Police Reform and Social Responsibility Bill
Memorandum submitted by the British Hospitality Association (PR 15)
SUMMARY
1.
The British Hospitality Association has particular concerns about the impact of Early Morning Alcohol Restriction Orders (clause 119) and the Late Night Levy (clauses 124 to 135) on the hospitality industry. Decisions on exemptions for hotels and restaurants are to be left to individual councils, but should instead be exempt on the face of the Bill.
INTRODUCTION
2.
The British Hospitality Association is the national association for the hotel, restaurant and catering industry. Our members include major hotel and restaurant chains, as well as small and medium enterprises from across the industry. Hospitality employs over 2 million people in the UK and contributes gross value added of nearly £50 billion a year (source: Oxford Economics).
THE BILL
3.
The Bill contains a number of provisions about which we share concerns with other industry associations. However, we have particular difficulties over Early Morning Alcohol Restriction Orders ("EMROs") and the Late Night Levy ("the Levy"), because of the possibility that they will have a particular impact on premises like hotels and restaurants which do not contribute to the law and order problems which these provisions are intended to address. Our comments are restricted to these two sets of linked proposals.

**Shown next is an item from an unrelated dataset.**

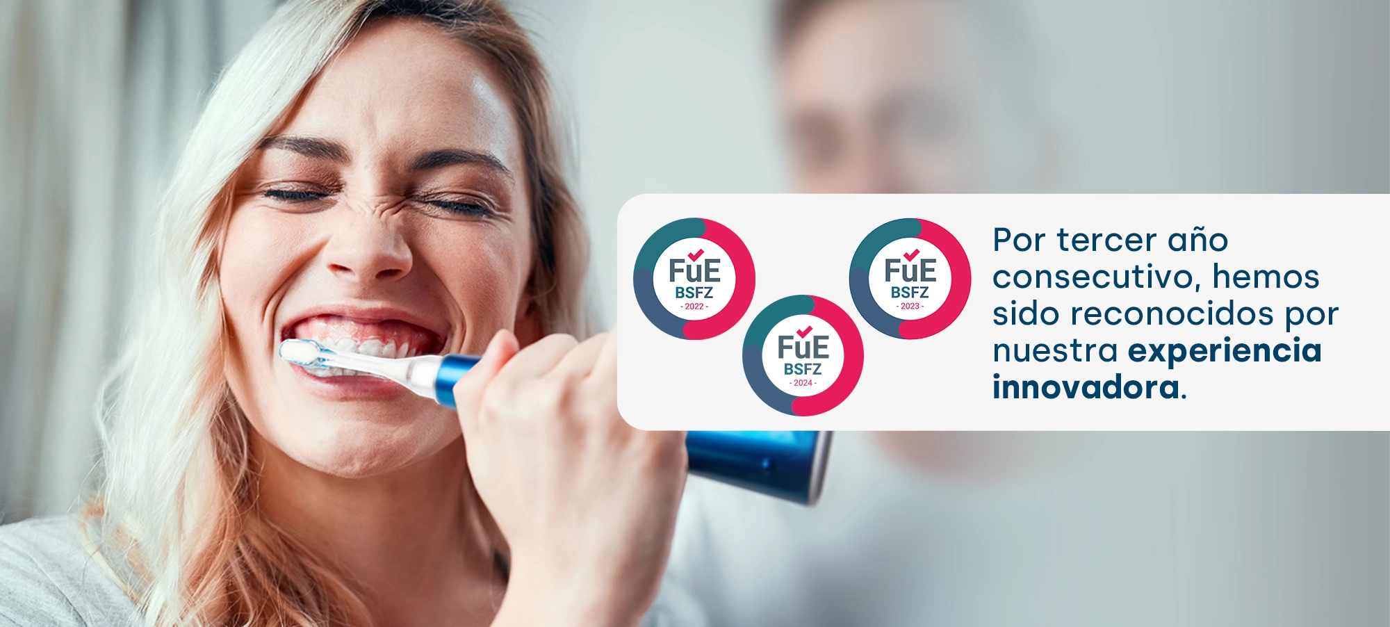 Hemos desarrollado un cabezal de cepillo especial para personas que usan aparatos ortopédicos. Las vibraciones ultrasónicas limpian en profundidad incluso las zonas inaccesibles entre los dientes y los aparatos. Las personas con implantes dentales también se benefician del máximo rendimiento de limpieza de la innovadora tecnología de ultrasonidos.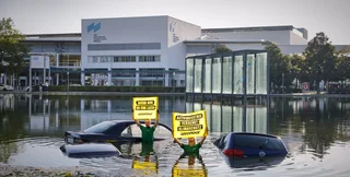 Активисты бойкотируют Международный автосалон в Мюнхене 2023. Ради акции группа людей затопила детали от трех автомобилей в озере перед выставочным центром.

The proposals, as drafted, would permit, but not force, a local authority (i) to prevent premises from selling alcohol at times of its choosing between midnight and 6.00 a.m. (an EMRO), and (ii), at times when a restriction order was not in place, to charge a levy to those premises which had the right to sell alcohol at those times.
5.
Of the 7567 Premises in England and Wales with so-called "24 hour licences," some 4219 or 56 per cent are hotels (source: DCMS 2009-10 licensing statistics). In the overwhelming majority of cases (3554 out of the 4219), hotels hold Premises Licences with these hours so that they can serve alcohol at any time to guests staying in the hotel and only to them. If such hotels were to be subject to EMROs, preventing staying guests from obtaining alcohol at certain times in the night, the tourism industry would suffer a loss of business.
6.
If, alternatively, a levy were to be charged during part or all of that six hour period, hotels so charged would be paying for police, taxi marshals and so on, for whose services they had no use because their guests do not need to go home during the night. Because hotels have relatively high rateable values, on which levy payments would be based, they would be paying potentially significant amounts.
7.
Restaurants in the traditional sense of having as their main purpose the sale and consumption of food and light refreshments do not in practice contribute to law and order problems when their guests depart. However, a local authority imposing an EMRO could force restaurants to cease to serve alcohol as early as midnight and one imposing a levy would be loading inappropriate cost on them.
PROPOSAL
8.
We therefore propose that hotels and restaurants (as defined below, including clubs offering hotel and restaurant services) should be exempt on the face of the Bill from both the EMRO and levy provisions. There is a precedent for this, ironically in the wording of The Local Authorities (Alcohol Disorder Zones) Regulations 2008 (SI 2008/1430).
9.
Under these regulations, premises are exempt from ADZ charges if they can pass both the "principal use" and the "patronage" test.
10.
The principal use test (regulation 12 (2) (a)) is met where "the principal use to which the premises …is put does not consist in or include the sale or supply of alcohol." The patronage test (regulation 12 (2) (b)) is met where "the availability of alcohol on those premises is not the main reason, or one of the main reasons, why individuals enter or remain on those premises (whether generally or at particular times of the day or on particular days of the week…or both)."
11.
The Home Office guide to setting up Alcohol Disorder Zones explains that certain premises, including hotels, theatres, sports clubs, bingo halls and casinos pass both the tests "and must be exempt." In the case of restaurants, exemption depends on the nature of the premises. One recent development has been the "restaurant with rooms," where diners would generally stay after eating and would therefore make no contribution to law and order problems.
CONCLUSION
We hope that the Committee will be able to agree that exemption of hotels and restaurants on the face of the Bill, rather than giving each local authority the power to exempt or not, is the right way forward.